Os gestos de subordinação

No entanto, a narrativa de independência de Caiado é constantemente desafiada por suas ações. Sua participação em eventos organizados por Bolsonaro, como o ato na Avenida Paulista em 6 de abril de 2025, em defesa da anistia aos envolvidos no 8 de janeiro, expõe uma contradição evidente. Embora Caiado defenda a anistia como uma forma de “arrefecer o clima do país” – uma posição que ele afirma ter sido o primeiro a levantar, ainda em 2023 –, sua presença ao lado de Bolsonaro nesses atos sugere mais do que apenas uma coincidência ideológica. Para muitos analistas, trata-se de um cálculo político: ao se alinhar ao ex-presidente em pautas sensíveis ao eleitorado conservador, Caiado busca capturar parte do espólio bolsonarista, essencial para sua viabilidade em 2026.

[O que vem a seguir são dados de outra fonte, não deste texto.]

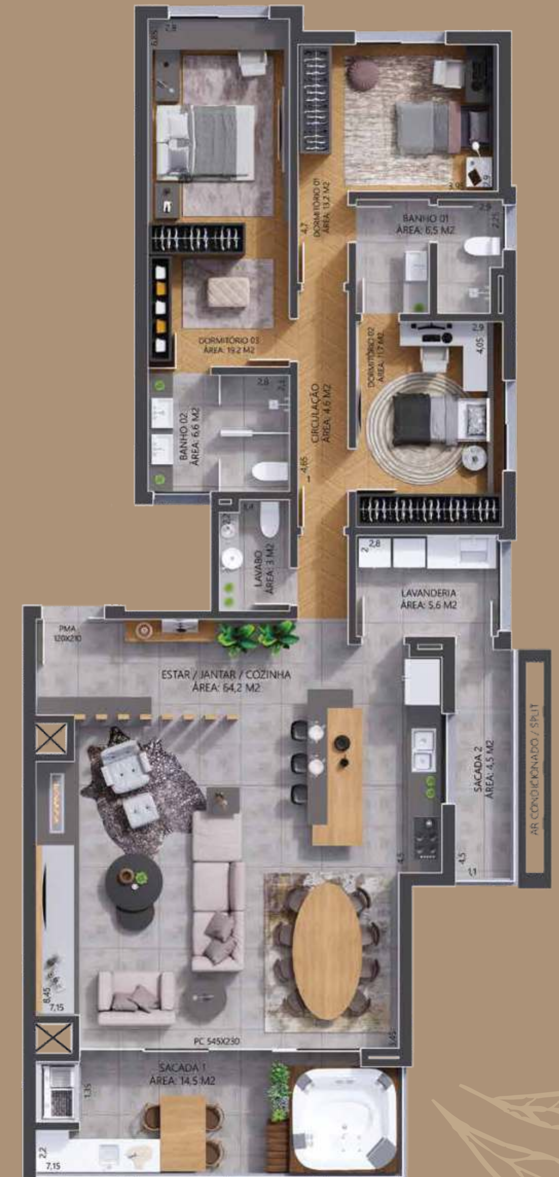
apartamentos 203 a 603 área privativa 181 m 2

Ambiente integrado de living, jantar e cozinha | Sacada com espera para spa Uma suíte master | Duas suítes | Lavabo | Churrasqueira | Área de serviço com sacada

Essa ambiguidade fica ainda mais clara quando se considera o contexto judicial de Bolsonaro. Acusado de liderar uma tentativa de golpe de Estado após as eleições de 2022, o ex-presidente tornou-se réu no Supremo Tribunal Federal (STF) e, embora inelegível até 2030, insiste em se apresentar como candidato, mobilizando seus apoiadores para pressionar o Congresso e o Judiciário por uma anistia que o beneficie. Caiado, por sua vez, já enfrentou condenação por abuso de poder político nas eleições municipais de 2024, decisão que o tornou inelegível em primeira instância – ainda sob recurso. Assim, seu apoio à anistia pode ser lido como um gesto de autoproteção, caso precise de um precedente favorável no futuro.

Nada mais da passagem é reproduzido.